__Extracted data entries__

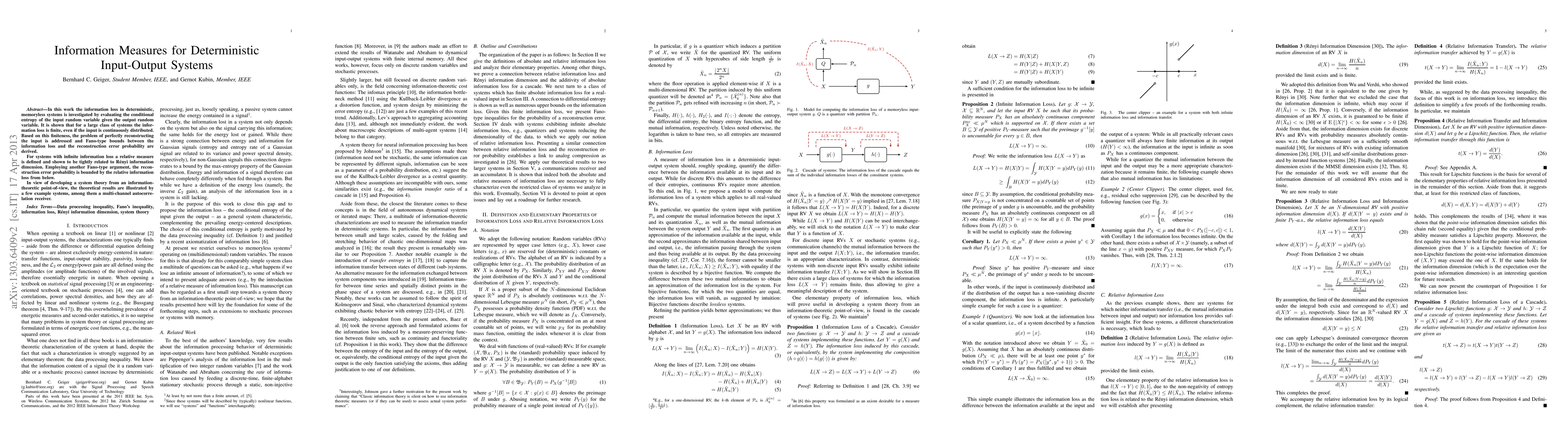 This paper investigates information loss in deterministic, memoryless systems by analyzing conditional entropy, demonstrating finite information loss for many systems and deriving Fano-type bounds for input reconstruction. It also introduces a relative measure for systems with infinite information loss, linking it to Rényi information dimension, and illustrates the results with examples including a multi-channel autocorrelation receiver.
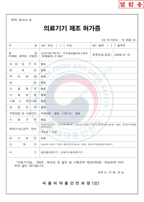 허가증_신고증 License of Medical Device Manufacturing_2018.07.24
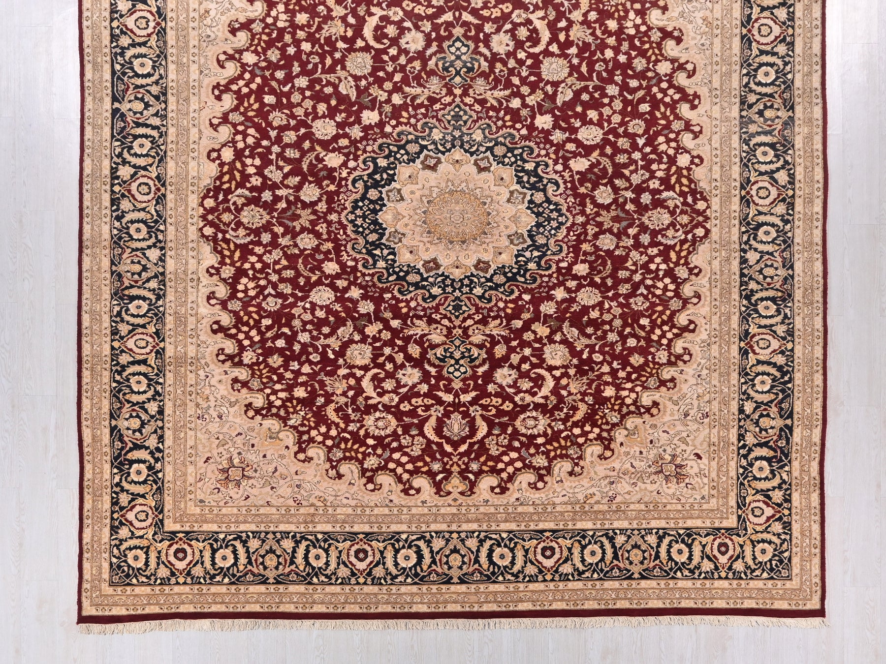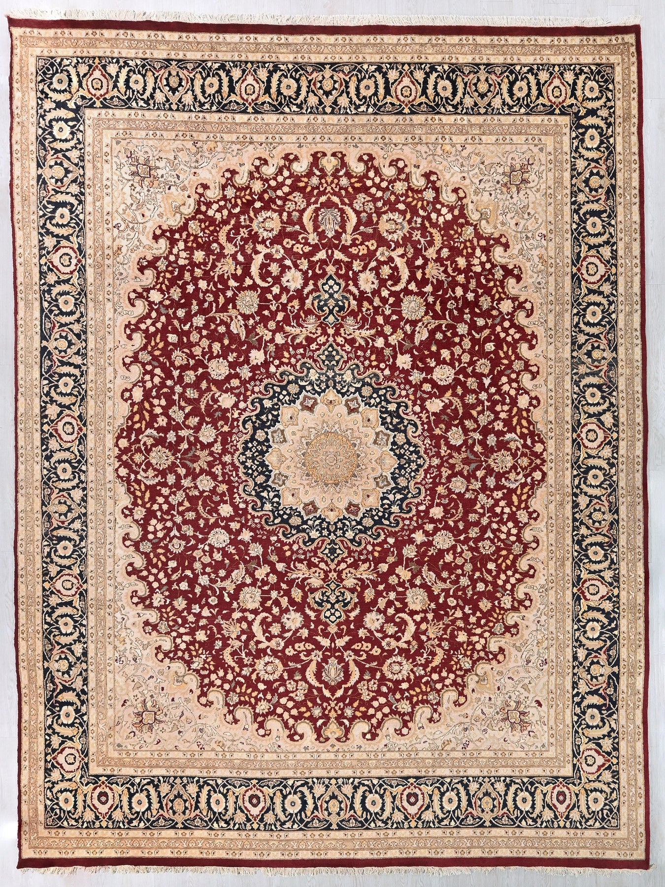This is a hand-knotted, one-of-a-kind vintage rug. Due to the nature of this piece, there may be slight imperfections in its wear, shape, dimensions, and color. All of our rugs are professionally cleaned and repaired.
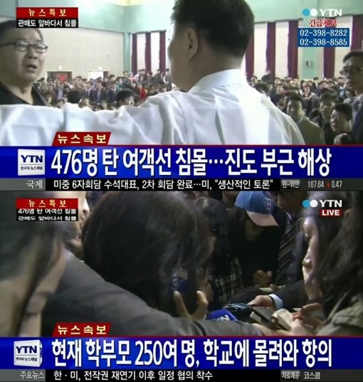이에 안산 단원고 250여명의 학부모들은 현재 학교 대강당으로 몰려들어 구조된 학생들의 명단을 알려달라고 항의하는 것은 물론 자식 걱정에 눈물을 쏟고 있는 것으로 알려졌다.
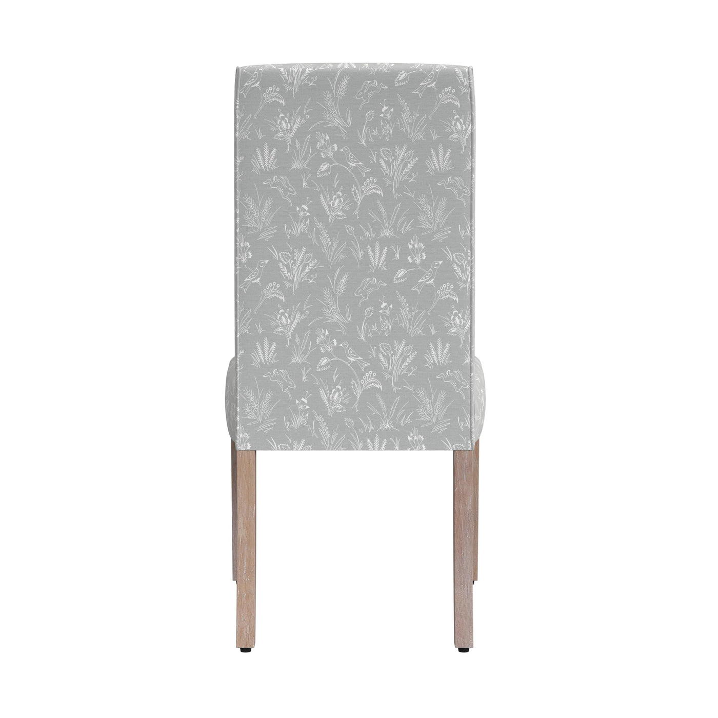 Homepop Scalloped Detail Dining Chair|Upholstered Parsons Dining Chairs |Decorative Home Furniture, Light Gray Floral With Animal Motifs (Set Of 2)
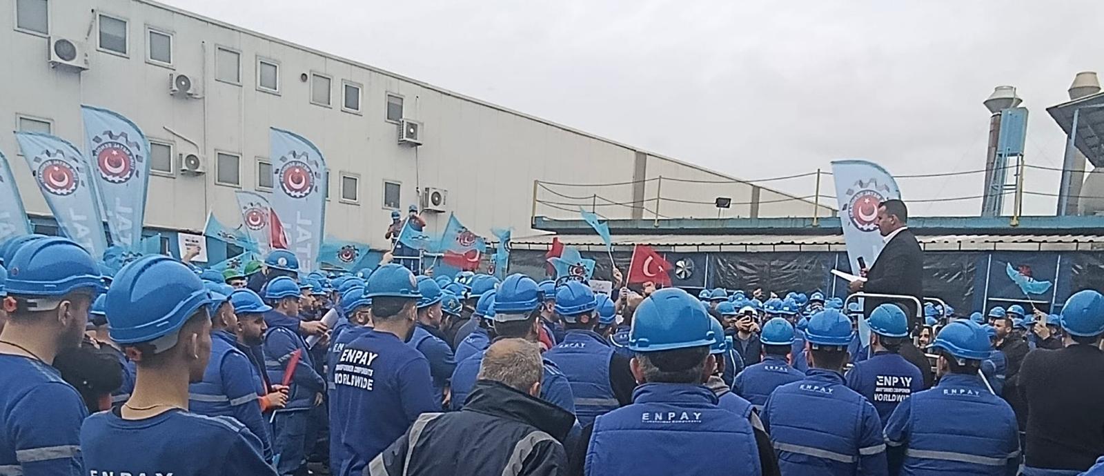 Değerli arkadaşlarım, sendikamız Türk Metal’in öncülüğünde bu sözleşmeden başarıyla çıkacağız. Bunun için yola çıktık. Zafer sendikasına inanan Türk Metalcilerin olacak. Birliğimizi, dirliğimizi, beraberliğimizi, sağlam tutmaktan başka bir güce ihtiyacımız yok. Biz bir ve beraber olursak bilin ki zafere ulaşırız. Biz eminiz, zafer bizim olacak. Zafer metal emekçisinin olacak.”

__YOUR ASSIGNMENT__
Transcribe every entry above exactly. Omit all pictures.

__TASK RESPONSE__
 This paper investigates information loss in deterministic, memoryless systems by analyzing conditional entropy, demonstrating finite information loss for many systems and deriving Fano-type bounds for input reconstruction. It also introduces a relative measure for systems with infinite information loss, linking it to Rényi information dimension, and illustrates the results with examples including a multi-channel autocorrelation receiver.
 허가증_신고증 License of Medical Device Manufacturing_2018.07.24
This is a hand-knotted, one-of-a-kind vintage rug. Due to the nature of this piece, there may be slight imperfections in its wear, shape, dimensions, and color. All of our rugs are professionally cleaned and repaired.
이에 안산 단원고 250여명의 학부모들은 현재 학교 대강당으로 몰려들어 구조된 학생들의 명단을 알려달라고 항의하는 것은 물론 자식 걱정에 눈물을 쏟고 있는 것으로 알려졌다.
 Homepop Scalloped Detail Dining Chair|Upholstered Parsons Dining Chairs |Decorative Home Furniture, Light Gray Floral With Animal Motifs (Set Of 2)
 Değerli arkadaşlarım, sendikamız Türk Metal’in öncülüğünde bu sözleşmeden başarıyla çıkacağız. Bunun için yola çıktık. Zafer sendikasına inanan Türk Metalcilerin olacak. Birliğimizi, dirliğimizi, beraberliğimizi, sağlam tutmaktan başka bir güce ihtiyacımız yok. Biz bir ve beraber olursak bilin ki zafere ulaşırız. Biz eminiz, zafer bizim olacak. Zafer metal emekçisinin olacak.”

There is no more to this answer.